Exploiting the Full Capability of a VLIW CPU is the Compiler's Responsibility

Compiler Must:
Be intelligent enough to decide how to build the very long words
  Assemble many primitive operations into a single “instruction word”
Group together independent instructions executable in parallel
  Guarantee no dependencies b/w instructions that issue at same time
Keep as many of the FUs busy by filling all the available operation slots
  Ensure that there are no resource hazards in the specific HW
VLIW Static Scheduling vs. The SuperScalar Dynamic Scheduling

SuperScalar processors perform dynamic scheduling/reordering in HW. Since the ILP is handled by the H/W, it is much more complex. Thus, Modern CPUs have developed very complicated hardware units for:

1) Rearranging Instructions at run time for effective OoO Execution
2) Performing Branch Prediction

The VLIW Architecture overcomes the two above complications by:

1) Having compiler pack several RISC instructions into one long word. Processor can then take unpack operations without further analysis. Processor simply gives each operation to an appropriate FU. These instructions are already certified to be executable in parallel. Processor H/W does not need to have the ability to detect and schedule the parallel operations in Real Time.

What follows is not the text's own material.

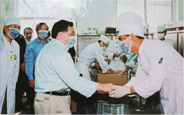 2003年春季,党委书记段强看望抗击 “非典”一线员工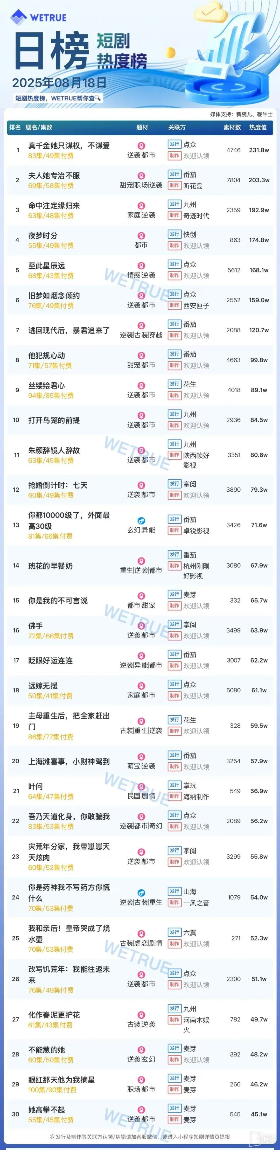 綜上所述就是關於8月18日短劇熱度排行:點眾《真千金她隻謀權,不謀愛》登頂第一的所有內容,在我們的台詞課上,您可以獲得所有的最新、最全的影視內容,無論您是電影迷、電視劇愛好者,或者對娛樂圈文化十分熱愛,我們都會在第一時間為您提供最具有吸引力的資訊和報導,所以趕快關注我們吧。

2) Eliminates Branch Prediction by executing all branch outcomes. After true outcome of branch is known, invalid results are discarded.

In VLIW, the Hazard Analysis for ILP is handled completely by compiler. No dynamic scheduling nor reordering of Instructions is performed in H/W. The VLIW control logic has less responsibility, and is therefore simpler. Hardware can be smaller, cheaper, and require less power to operate.
Example of a VLIW Architecture: The IA-64 (Itanium)

IA-64 had many advanced ideas in Computer Architecture Technology,
But Compilers were not able to utilize its architecture effectively,
So it was unsuccessful in the business market (nick named the "Itanic")

Data (and Control) Hazard Reduction is Hard to do in either HW or SW!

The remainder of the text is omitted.